Work to be completed
Please give back the listing below word for word, without the images.

Dataset excerpt

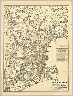 The war saw the peak of United States rail mileage, with a total of 254,000 route miles.[18] After the war, railroad mileage in New England began to shrink, in line with national trends.[13]
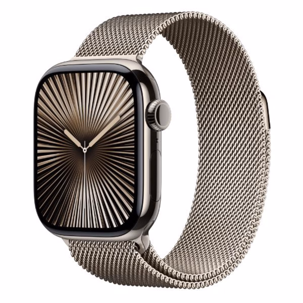 Apple Watch Series 10 GPS + Cellular, Cassa 46 mm in titanio naturale con Loop in maglia milanese naturale - M/L
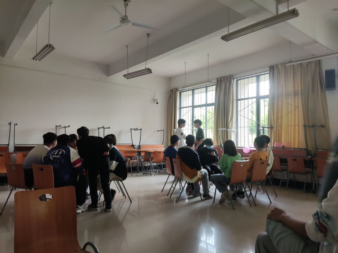 材料12106班:首先是通过小游戏进行了分组,分组结束后,大家八个人一组进行下面的游戏。期间多位同学因为输了游戏上台给同学们表演节目,其中不乏歌舞类的节目。然后大家进行了踩气球游戏。大家通过小游戏,组成两两一队,一个同学防守一个同学进攻,但两个同学必须拉着手不能松开。同学们在活动中收获快乐,同时也释放了身心压力。

Reply
 The war saw the peak of United States rail mileage, with a total of 254,000 route miles.[18] After the war, railroad mileage in New England began to shrink, in line with national trends.[13]
 Apple Watch Series 10 GPS + Cellular, Cassa 46 mm in titanio naturale con Loop in maglia milanese naturale - M/L
 材料12106班:首先是通过小游戏进行了分组,分组结束后,大家八个人一组进行下面的游戏。期间多位同学因为输了游戏上台给同学们表演节目,其中不乏歌舞类的节目。然后大家进行了踩气球游戏。大家通过小游戏,组成两两一队,一个同学防守一个同学进攻,但两个同学必须拉着手不能松开。同学们在活动中收获快乐,同时也释放了身心压力。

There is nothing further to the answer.